Sunday, July 18, 2010

Family Wedding

My brother-in-law Jeff got married last weekend in North Texas. We left 90-something degree temps in Portland and flew into thunderstorms in Dallas Thursday night. We woke Friday morning to clouds and a cool (for Texas at least), pleasant day. The kids swam in the hotel pool and we didn’t even bother with sunscreen.

Jeff arranged childcare for all the cousins Friday night, so the wedding rehearsal and dinner would be blessedly kid-free. As we drove from the chapel to the small Italian restaurant for the rehearsal dinner, the rain started again. I’d forgotten how Texas rain falls in sheets, how the water so gloriously pours from the heavens. Todd dropped me off at the front door and I dashed through the rain to the covered porch of a converted two-story house. As I waited for Todd to park, I watched Michelle, my sister-in-law from France, film several seconds of the downpour. I had forgotten to bring my camera.

“I am not going to ruin these,” said the wife of the brother of the bride, who arrived next, carrying her shoes. Her blonde hair was pulled back and she wiped raindrops from her forehead with a smile.

The rest of the wedding party arrived in singles and pairs, splashing through puddles, smiling, barefoot, beautiful.

Perhaps out on the Dallas freeways, rush-hour traffic was slowed by the summer storm, causing irritable drivers to lay on their horns or murmur harsh words.

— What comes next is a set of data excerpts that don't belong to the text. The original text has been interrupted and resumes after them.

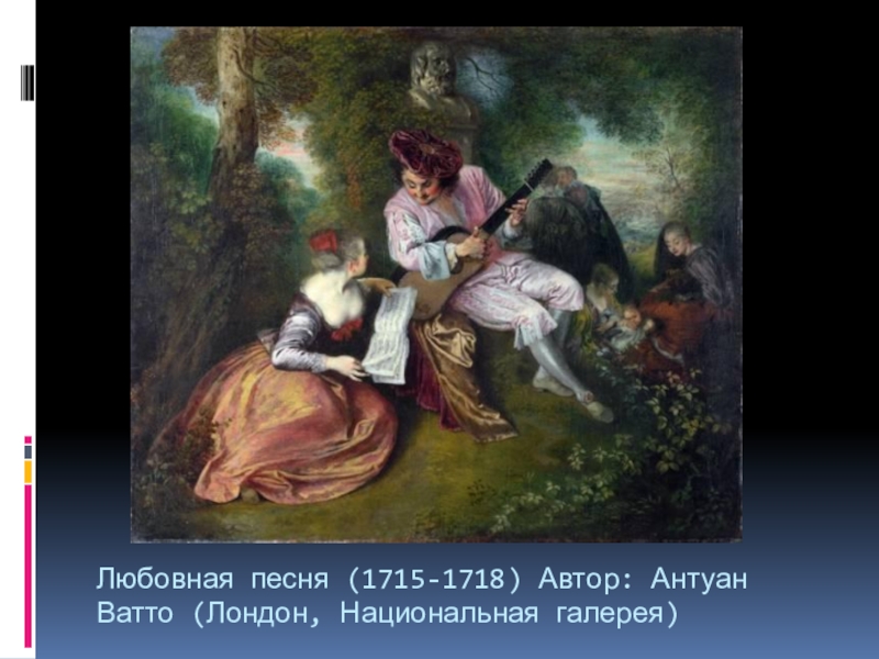 Слайд 27Любовная песня (1715-1718) Автор: Антуан Ватто (Лондон, Национальная галерея)
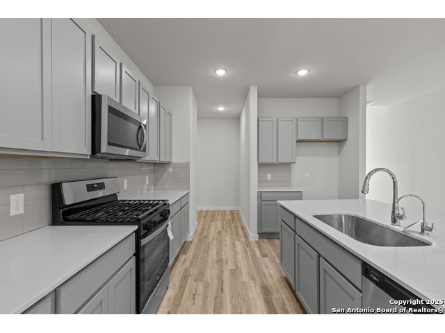 Step into modern design with the Riley floor plan! At the heart of the home is a spacious open-concept great room, which flows into a dining area and an impressive kitchen with a center island, a walk-in pantry, and access to a convenient mud room. The primary suite is also located on the main level, boasting a walk-in closet and a primary bath with dual vanities and a walk-in shower. There are three secondary bedrooms upstairs, each with a walk-in closet. A full bath, storage space, and a large loft round out the Riley. Additional home highlights and upgrades: 36"" white kitchen cabinets, quartz countertops and backsplash Luxury wood-look vinyl plank flooring in common areas Stainless-steel appliance package with gas range oven Recessed lighting throughout home Cultured marble countertops and modern rectangular sinks in bathrooms 5 bedrooms Landscape package with full sprinkler system Garage door opener with two remotes Covered patio Exceptional included features, such as our Century Home Connect smart home package and more!
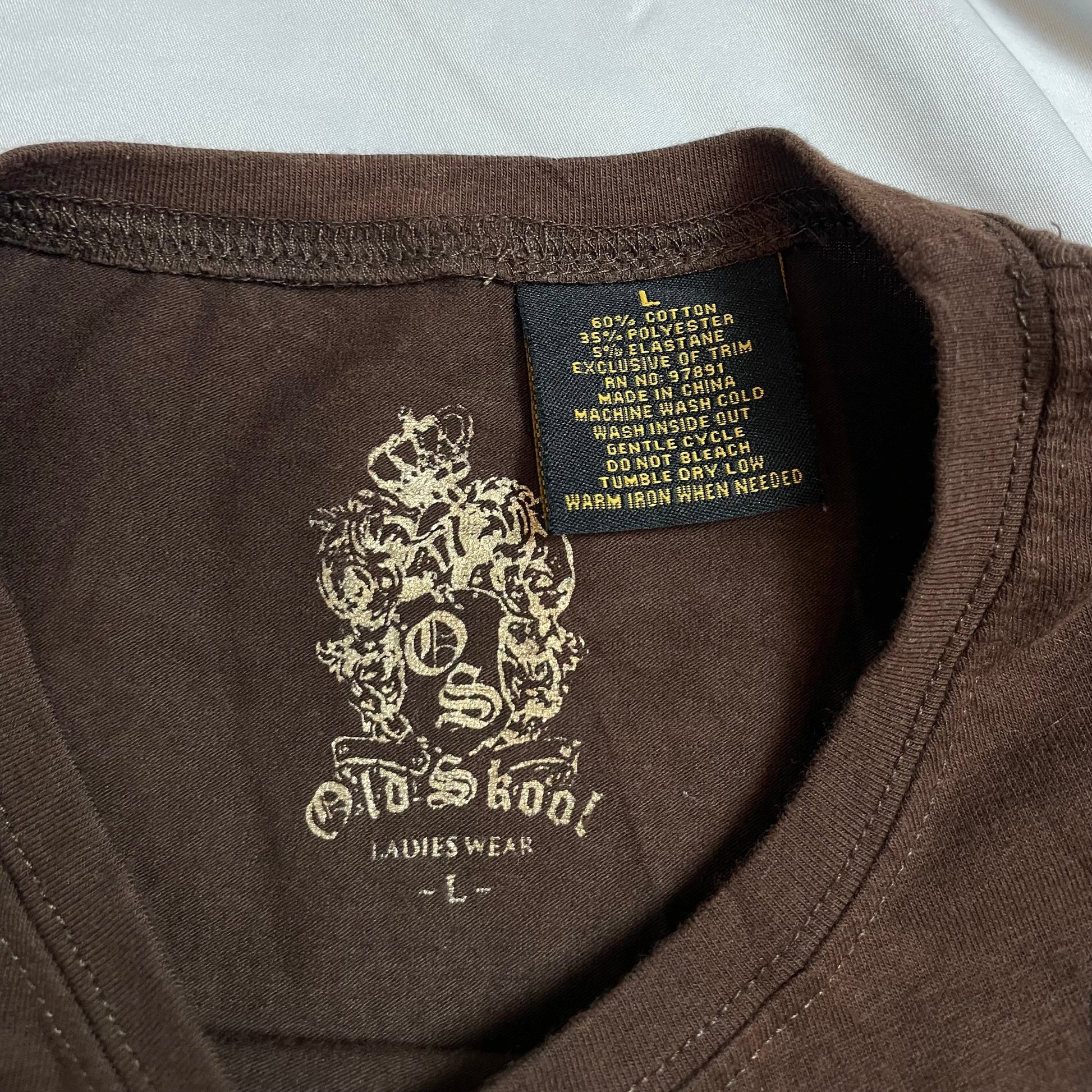 Early-2000s Old Skool Ladies Wear tee in deep chocolate brown with metallic gold “Old Skool” text and ornate winged cross print across the front and back.
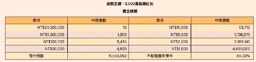但還是需要提醒民眾,雖然2000元刮刮樂整體中獎率雖達69.33%,但需注意的是,有網友在Threads提醒,這個中獎率69.33%表示你刮出來有中獎,但因為這款刮刮樂「小獎」非常多,中獎金額是不是回本並不一定,若以實際「回本機率」來看其實僅約29.33%,建議民眾在享受刮刮樂樂趣時仍需適可而止:「2000元刮刮樂回本率是最低的,過年小賭怡情就好,但還是祝大家中大獎!」

But here we all came in out of the rain, into an old house with pumpkin-colored walls and dark wood and wrought iron details: we had a marriage to celebrate.

We sat at long tables and the servers made their rounds. Red wine or white? Salmon or chicken? I looked across the room and saw one of the bridesmaids, wearing a strappy sundress and sitting with her back to me. So beautiful, the way the raindrops still glistened on her bare shoulders. Even if I’d had my camera, there’s no way I could have gotten the angle and focus right. I memorized the moment.

My new sister-in-law, Pam, came into Jeff’s life—into the life of our extended family—just months before my mother-in-law died. It was Pam who helped us negotiate our path into hospice care and Pam who sat around the family table with all of us when Jeanne told the grandkids that she would not live long and that she’d had a good life and was not afraid. Pam spent time with Jeanne those last weeks. I do not know all that was shared between them, but I do know that Jeanne told Pam, “You make Jeff happy. When Carolyn died I worried that he would never be happy again. I will be proud for you to be my daughter-in-law, even if I won’t be around for your wedding.”

Till death separates. This is the vow Pam and Jeff made on their wedding day, and they both have lived through enough hardship to know what the vow means. Just as I memorized the pearly raindrops and the wedding party laughing through a downpour, I memorized another holy moment, too. On their wedding day, when Pam and Jeff stood eye to eye, remembering the past and anticipating the future, I watched and listened and memorized their promise to one another: Till death separates.

1 comment:

  1. Thank you for that image. Better than a photograph. :-) I appreciate the way you weave together different parts of the story and draw in the quiet, but significant, memories that are so much a part of this time and place. Thank you!